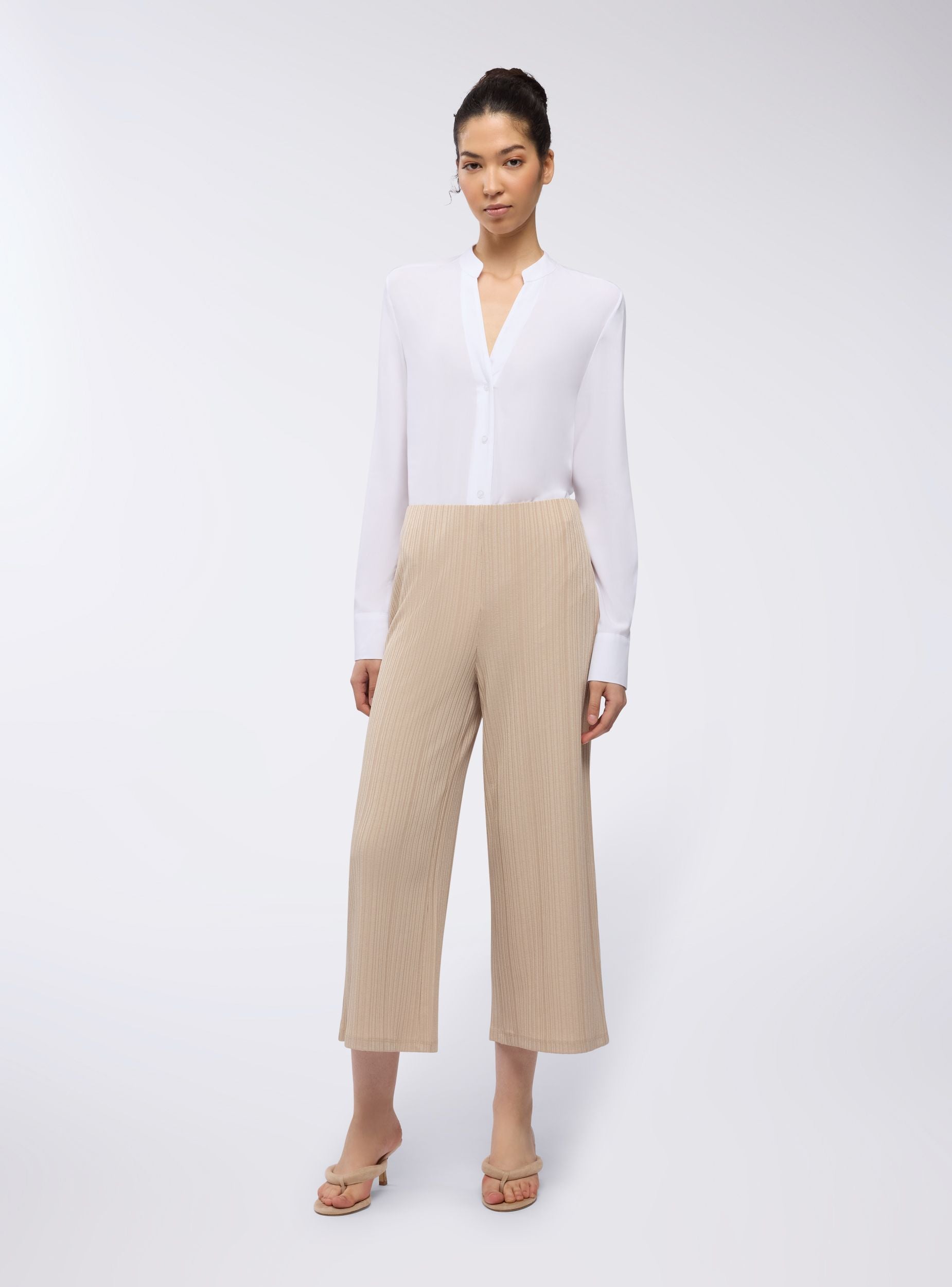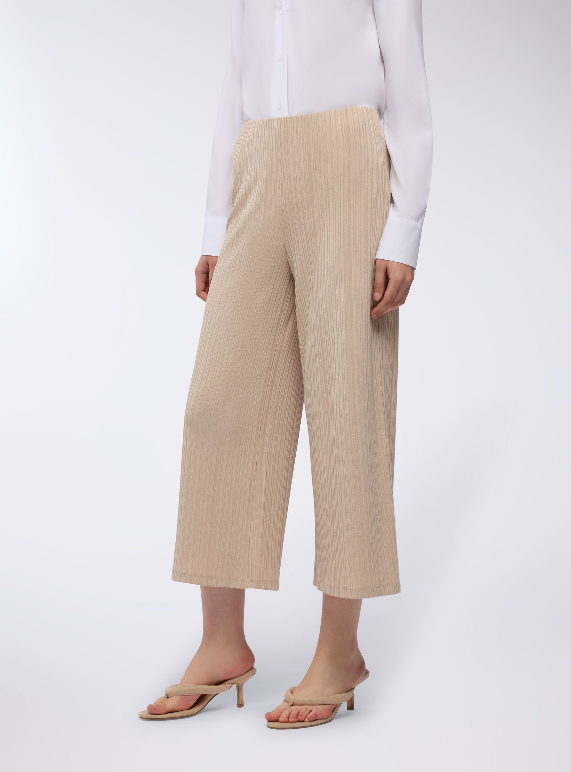 Pantaloni da donna ideali per un look casual e rilassato, perfetti per il tempo libero o per un outfit informale. Caratterizzati da una vestibilità regolare e un design a costine a tinta unita, presentano una lunghezza crop. Una scelta versatile per chi cerca comfort e stile in ogni occasione.Dettagli
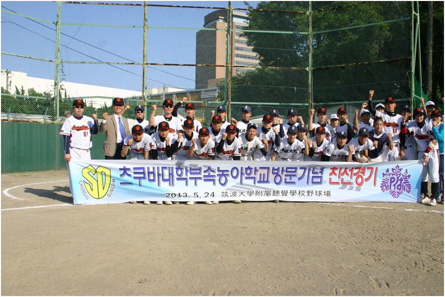 去る5月24日、筑波大学附属聴覚特別支援学校に、アジアろう野球シリーズ出場の韓国チームが来校した。
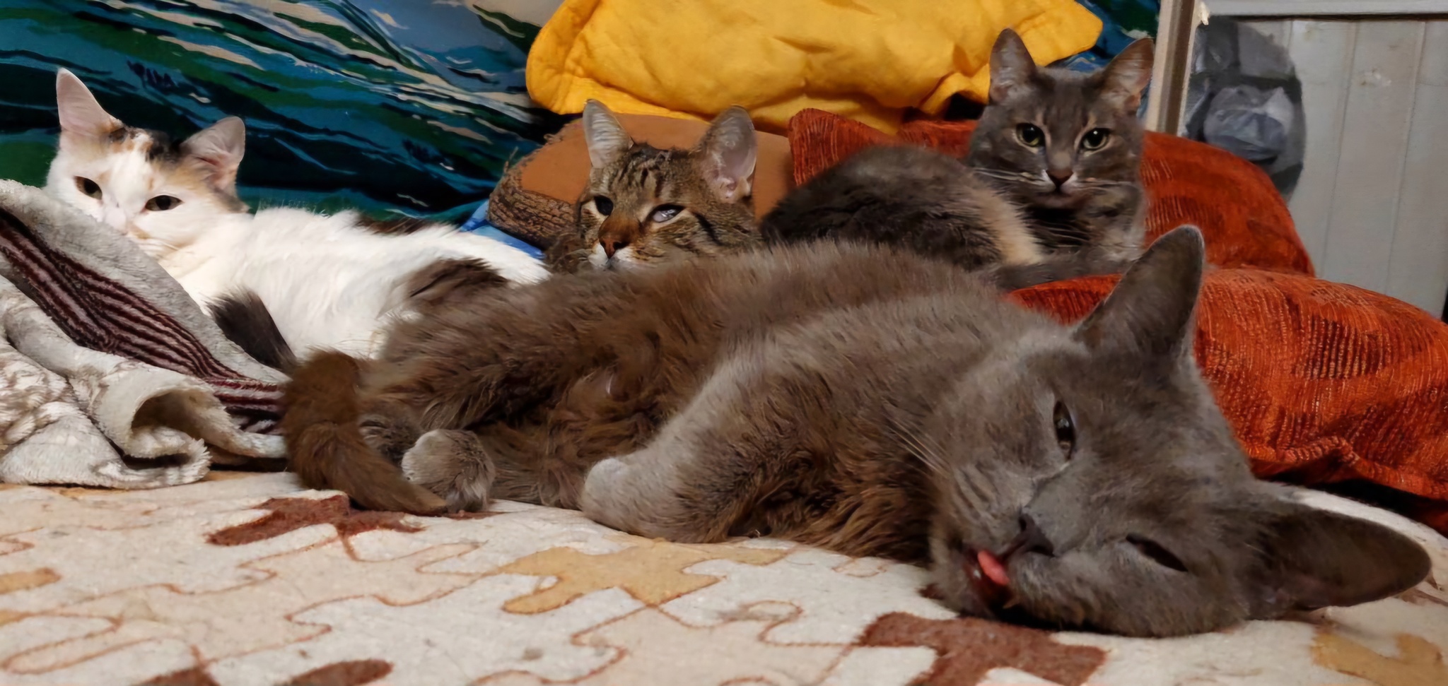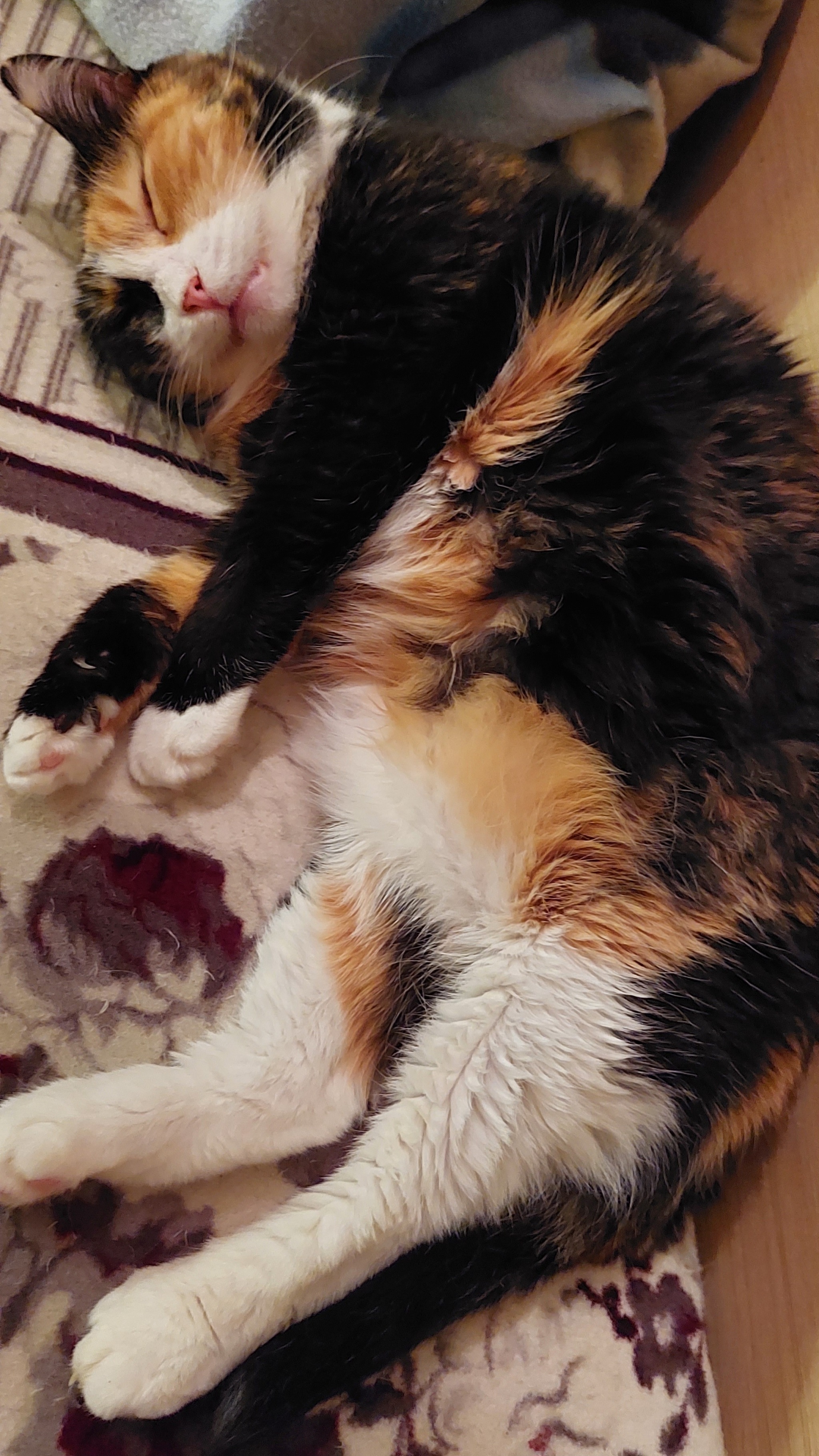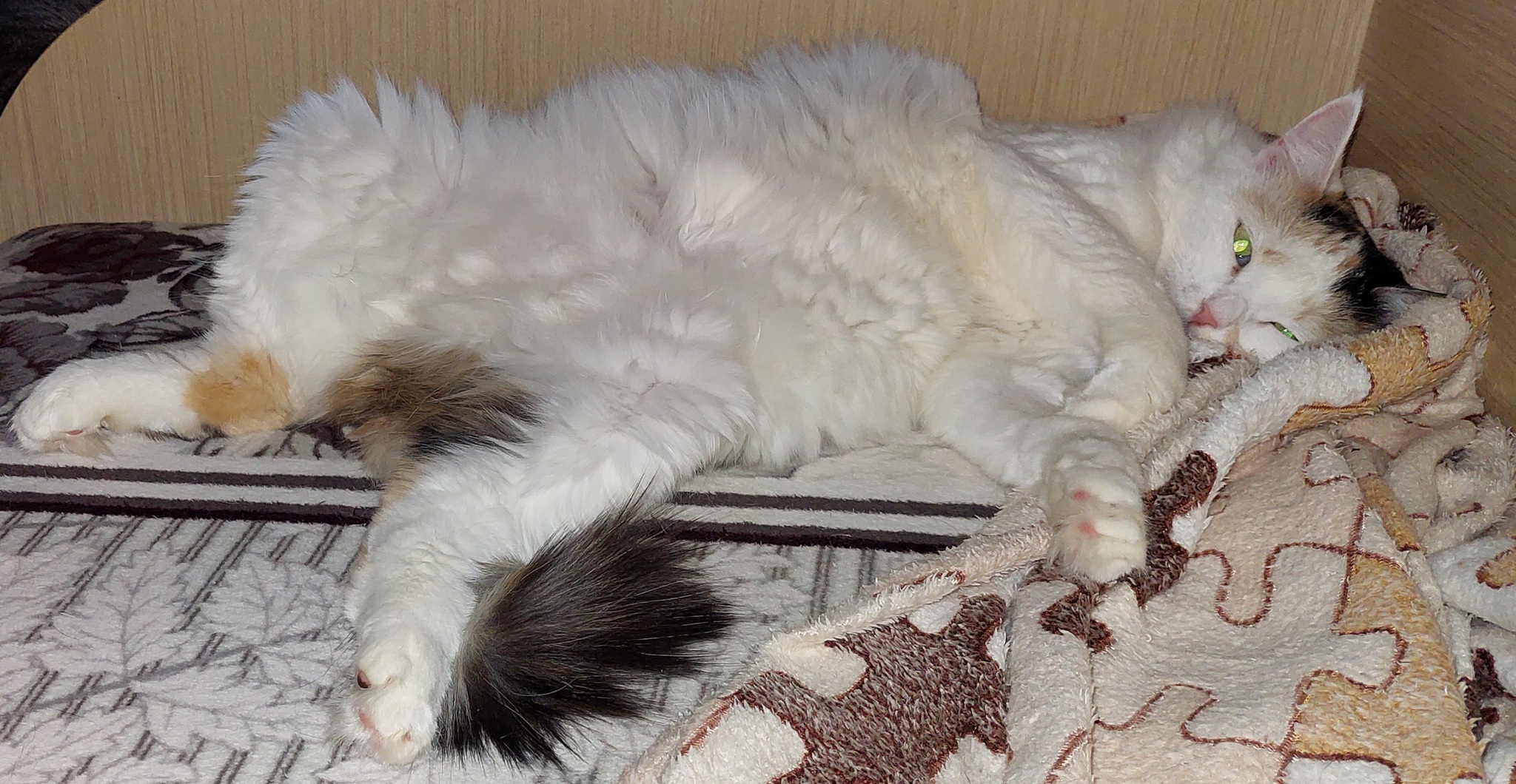 Но были и потери. В мае 2024 от нас ушла Кася. Та самая котенька с изломанным обрубком хвостика, которая 3 месяца шла к нам домой и пришла на короткие 7 лет. Ласковая, нежная, тихая, спокойная. Кальцивироз добил ее проблемы с почками, не выдержал организм.
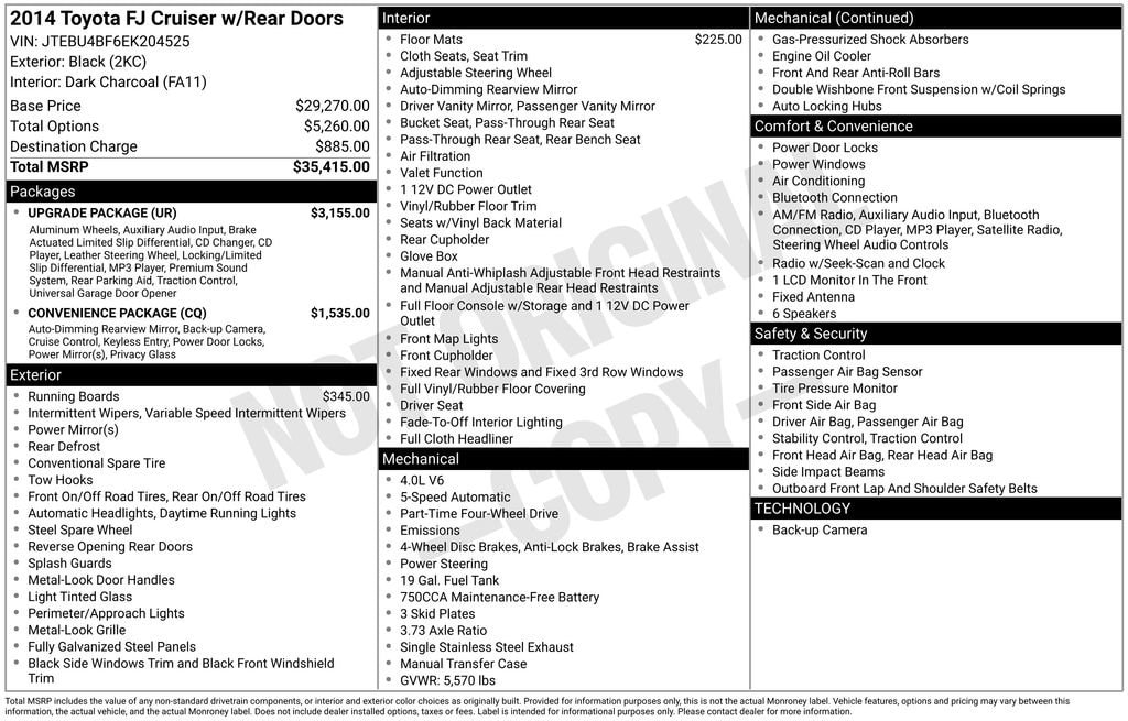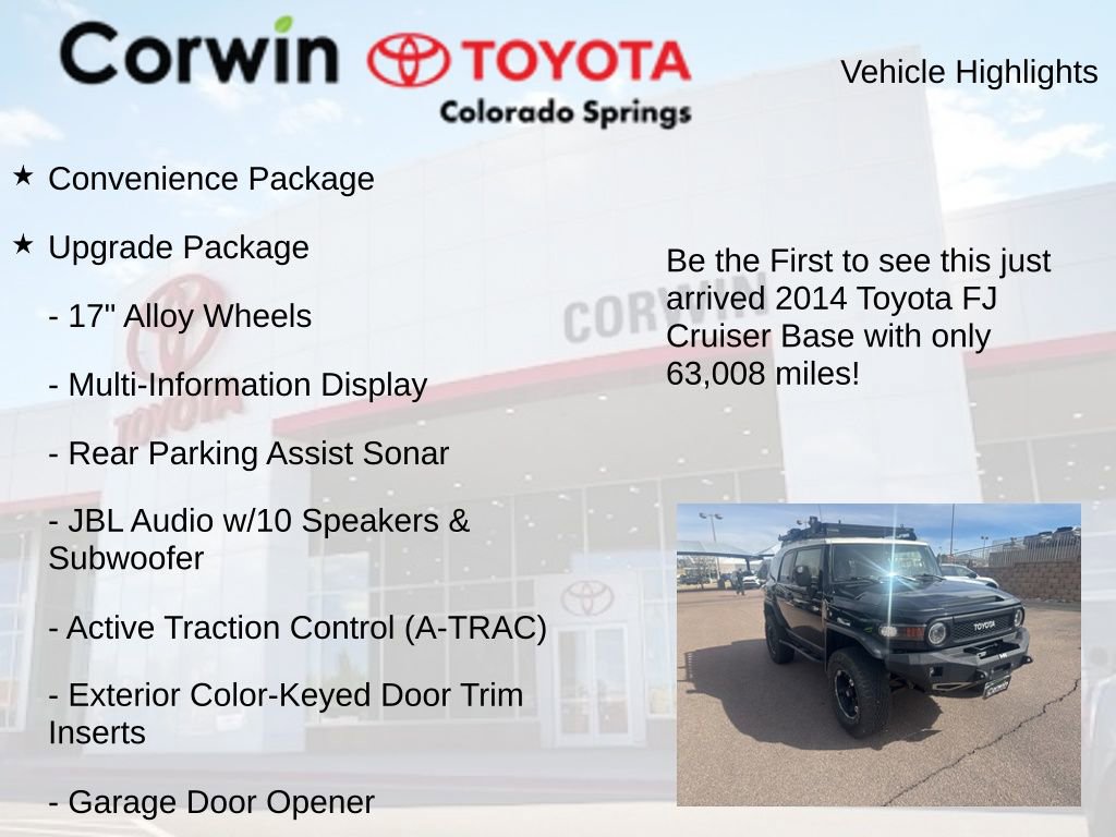 Escape the ordinary and embrace the extraordinary with this 2014 Toyota FJ Cruiser Base. We look forward to the opportunity to earn your business and help you find the perfect vehicle for your lifestyle.

■ **Assigned task**: Return to the listing above and set it down exactly, leaving out its pictures.

■ **Response area**:
 Pantaloni da donna ideali per un look casual e rilassato, perfetti per il tempo libero o per un outfit informale. Caratterizzati da una vestibilità regolare e un design a costine a tinta unita, presentano una lunghezza crop. Una scelta versatile per chi cerca comfort e stile in ogni occasione.Dettagli
 去る5月24日、筑波大学附属聴覚特別支援学校に、アジアろう野球シリーズ出場の韓国チームが来校した。
 Но были и потери. В мае 2024 от нас ушла Кася. Та самая котенька с изломанным обрубком хвостика, которая 3 месяца шла к нам домой и пришла на короткие 7 лет. Ласковая, нежная, тихая, спокойная. Кальцивироз добил ее проблемы с почками, не выдержал организм.
 Escape the ordinary and embrace the extraordinary with this 2014 Toyota FJ Cruiser Base. We look forward to the opportunity to earn your business and help you find the perfect vehicle for your lifestyle.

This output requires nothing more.